The distinctive properties of leaves help to identify them. The histogram of oriented gradients (HOGs) approach was used for this. The essential thought behind hoard is that the light power of privately circulated slopes is the most effective way to depict an article's shape and structure. The picture might be separated into cells that show parcels that are equally compared and isolated. These areas can be separated into wedges, which are then normalized to preserve consistency in the face of illumination or photometric changes. It is calculated to normalize extracted properties across blocks. The 900 criteria calculated include length, width, aspect ratio, perimeter, form factor, circularity, and compactness. K-nearest neighbors and artificial neural network backward propagation algorithms are the two supervised learning methodologies categorized in the final stage. K-nearest neighbors have a 92.3% accuracy rate. When the two methodologies were compared, artificial neural networks were found to be the better option, with a 97% accuracy.

2.2 Unstructured Data

In the article proposed by Varghese et al. [10], the system was created to detect the plants using transfer learning. The six medicinal plant groupings considered in the study were Coleus Aromaticus, Annona Muricata, Hemigraphis Colorata, Aloe Barbadensis Miller (Aloe vera), and Azadirachta Indica (neem). Each class had about 500 photographs. Once the features have been obtained, the model is trained using the MobileNet architecture. The component extraction method is done utilizing the convolutional brain organization, or CNN. Extra convolutions, for example, pooling layers, completely associated layers, and normalizing layers, which are alluded to as covered up layers since their feedback and result sources are hidden by the actuation work and the last convolution, are often trailed by a ReLU layer. Back engendering is as often as possible used in the last convolution in this method, bringing about a rising amount of exact weight. The input image is processed over several kernels in the convolution layer, apiece with its unique function. Color identification is handled by a few filters, while edge separation is handled by others. Likewise, each filter has a certain role. Lines, corners, and other essential parts will be discovered in early stages, and a full edge, for example, will be discovered in the final layers. The item's shape and other features will be revealed in the final layers. More features will be obtained as the number of convolutional layers increases, and these data will be arranged into feature maps. After each convolutional layer, the pooling stage is performed. For instance, a 2 * 2-pixel channel will slide multiple pixels in a steady progression, with the greatest impetus coming from those four pixels being saved in one pixel of the accompanying layer. This allows for the reduction of dimensions and a more complete examination of key traits. A totally associated layer has each neuron connected to each and every other neuron, and the result is gotten from the last layer. The preparation model is then changed over completely to TensorFlow light viable organization using a TensorFlow light converter. The plant name was the output of the label with the highest probability. The model was trained in two stages, each with 12 epochs each. The research work completed by these individuals was 95% accurate, which is comparable to human performance on the dataset.

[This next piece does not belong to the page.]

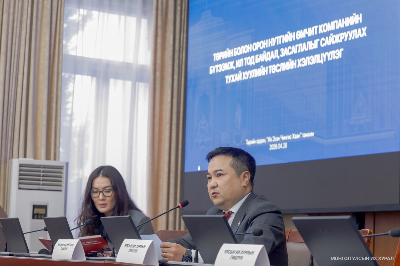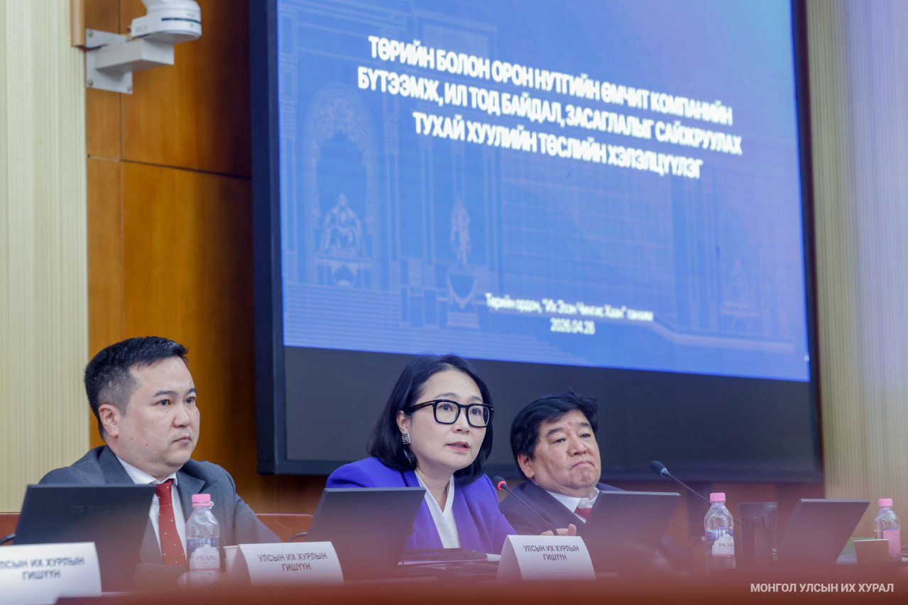 Улсын Их Хурлын Эдийн засгийн байнгын хороо, Улсын Их Хурлын даргын 2025 оны 529 дүгээр захирамжаар байгуулагдсан ажлын хэсэг өнөөдөр (2026.04.28) Төрийн болон орон нутгийн өмчит компанийн бүтээмж, ил тод байдал, засаглалыг сайжруулах тухай хуулийн төслийн хэлэлцүүлгийг Төрийн ордны "Их Эзэн Чингис хаан" танхимд зохион байгууллаа.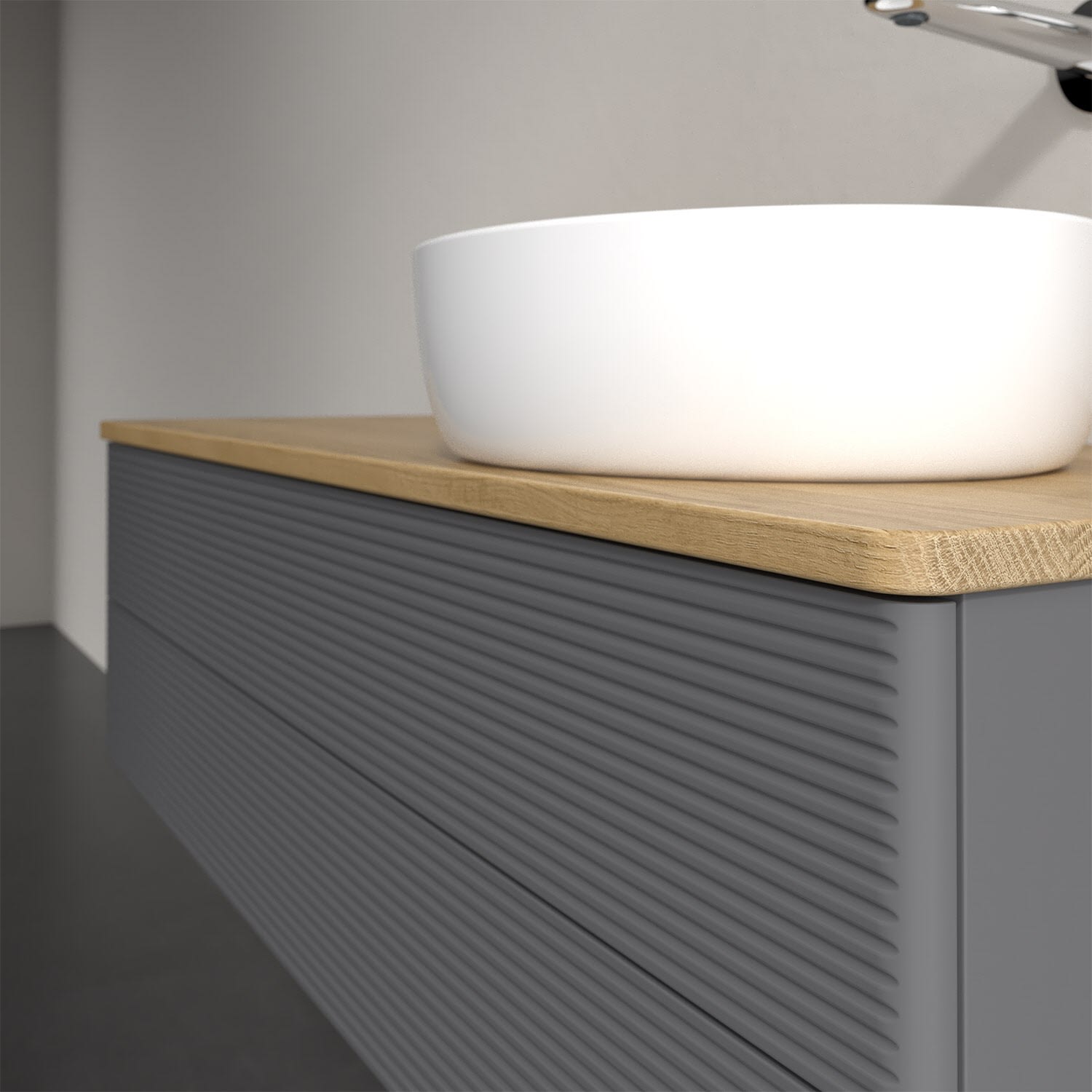 Der wandhängende Antao Waschtischunterschrank von Villeroy & Boch bietet nicht nur jede Menge Stauraum – er ist dank seines naturinspirierten Designs mit seinen abgerundeten Kanten auch noch besonders stilvoll und schafft eine gemütliche Atmosphäre im Badezimmer. Auf der Waschtischplatte bietet sich seitlich des Waschtischs viel Platz für Zahnbürstenbecher oder Seifenspender. Zwei geräumige Auszüge bieten viel Platz, um alles Notwendige zu verstauen und Ordnung zu halten. Öffnen lassen sie sich durch leichten Druck auf die strukturierte Front. Dank Vollauszug hat man immer alles im Blick und der Antirutschboden verhindert ein Umfallen oder Verrutschen der Gegenstände. Einfach clever! Für eine besonders leichte Pflege sorgt die mehrschichtig deckend lackierte Oberfläche. Bei der Ausführung in Massivholz wird dank des verarbeiteten Massivholzes jedes Möbel zu einem Unikat, das sich durch das lebendige Naturmaterial durch seine einzigartige Struktur und Maserung auszeichnet.

Pechebovicz et al. [7] suggest a smartphone app to help universities, students who have never encountered the species, and healthcare professionals recognize Brazilian medicinal plants. They looked at a collection of 10,162 downloadable photographs that encompassed different stages of plant life, visual backdrops, and ecosystems. The Google Photos dataset was created using a download service that allows users to download photographs based on keywords or key phrases. They describe how the database was created using the Brazilian Service of Wellbeing's rundown of therapeutic and normal, unsafe plants. Data augmentation methods such as rotation, cropping, mirroring, random zooms, random distributions, and skewing were developed using Python's augmentor module. After the augmentation, the absolute number of photographs was augmented to 151,128 through 5230 in the hazardous group and a characteristic of 2000 in the other classes. In this work, the authors employed the Mobilenetv2 architecture, using beginning weights learnt from the ImageNet dataset with values between 1 and 224. The model has an aggregate of 2,629,032 params, with 371,048 teachable and 2,257,984 non-teachable. Simply by preparing the top layers of the Mobilenetv2 with the new classifier, the model was tweaked to increment execution. After the layers 101 through 155 were relaxed and the model was reinstructed, the model was retrained. This stage has 2,233,640 teachable and 395,392 non-teachable params. Several epoch sizes (5, 10, 20, 30) were used in both the training and fine-tuning phases, and a comparison was made. After 20 epochs of training, the final output is fine-tuned. The absolute approval exactness was 0.4254, though the main 5 precision was 0.685. In the implanted model in a cell phone, the loads from the last preparation and adjusting step are utilized.

Using deep features to characterize the original plant leaf image, Prasad and Singh [8] constructed a data interchanged from thing identification to plant hereditary research. The authors suggested utilizing VGG-16 to construct features, which were then condensed using PCA to appropriately display medicinal plant leaves for categorization (Fig. 2). During preprocessing, the leaf is photographed against a dark background using the recommended unique approach for obtaining leaf samples quickly and clearly. To create classification feature maps, the image was transformed to l color space and voted for through fully allied convolutional layers. The book also goes into how to capture good photographs. The photo capture requires a basic transparent triangular glass structure set aside over a black backdrop with LED illuminations to prevent the dispersion consequence. The camera head is situated opposite to the board with L distance to best catch the leaf wedged between the straightforward sheets. The distance between the camera and the leaf is L, and the point between the camera and the item plan is. To make it reliable, this paper utilizes = 90° and L = 1 m.

Fig. 2
figure 2

(source medicinal plant leaf information extraction using deep features, p. 2)

Proposed leaf capture setup block diagram

The image is in the RGB color space. This is a device-dependent color space that needs to be converted to a device-independent CIE-1 color space using equations.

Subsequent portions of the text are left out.